Referrer data is absolutely awesome, however, a lot of logging solutions don’t have this set up by default. If possible, set logs up to capture this data! Then you can see where requests have come from, you can identify popular entry & exit pages, and also see which site or page sends the most referral traffic. You can also capture user data, and identify the user funnel better. Match this up with analytics data to get the most amount of insight.
How can you get started with log file analysis?
With the amount of potential data that you could be working with, you’ll want to ensure that the data that you are going to be working with is real! Utilise a reverse IP address lookup to verify that any Googlebot traffic that you have data for is the real deal, and not a fake. I’ve personally crawled a number of sites using a Googlebot UserAgent, and your logs might also contain this data too.

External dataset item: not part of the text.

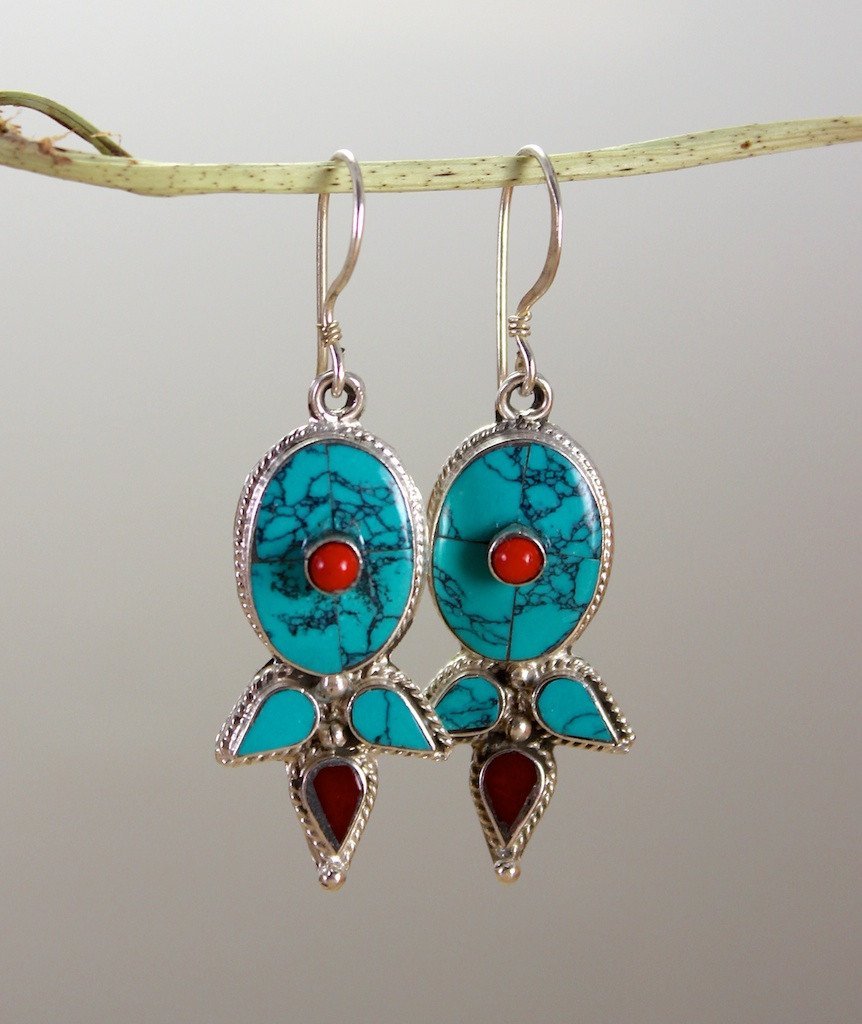 A beautiful and simple Tibetan style set of earrings. We used silver plated brass to keep the cost down. Hand set in Kathmandu
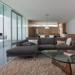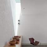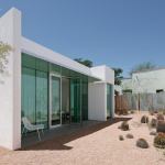The sky can be glimpsed from most rooms either through slit skylights or, in the cases of the kitchen, living room, and master bedroom, floor-to-ceiling glass. These openings allow the house’s white-cement-plaster walls to capture the ever-changing hues of the Sonoran sun. High-performance, low-E-coated IGUs and generous overhangs protect the interior in the summer, while allowing the floors to be passively warmed in the winter. Tankless hot water, prewiring for photovoltaic panels, and rainwater collection are also part of the suite of resource-conserving technologies.

Following on from something that Faisal mentioned – use all the (relevant) tools that are at your disposal to be able to get the best insights. A personal favourite of mine for large scale data manipulation and analysis is Python, using the Pandas library. This enables you to manipulate massive amounts of data super easily, and can really help speed up the log file analysis process.
Thank you Tom for your tips. Watch the full episode below with Tom, Faisal and Julien.
If you’re crawling a particularly large website, consider enabling a crawl limit. You can use this to check for duplicate content issues which may not be picked up otherwise. Then, when you’re making recommendations and implementing them, you are making full use of your developer or resource, as you’ve got a comprehensive view on all the issues. Once this is complete, it should be easier to re-crawl the website and repeat the process to see if there are any more duplicate issues remaining.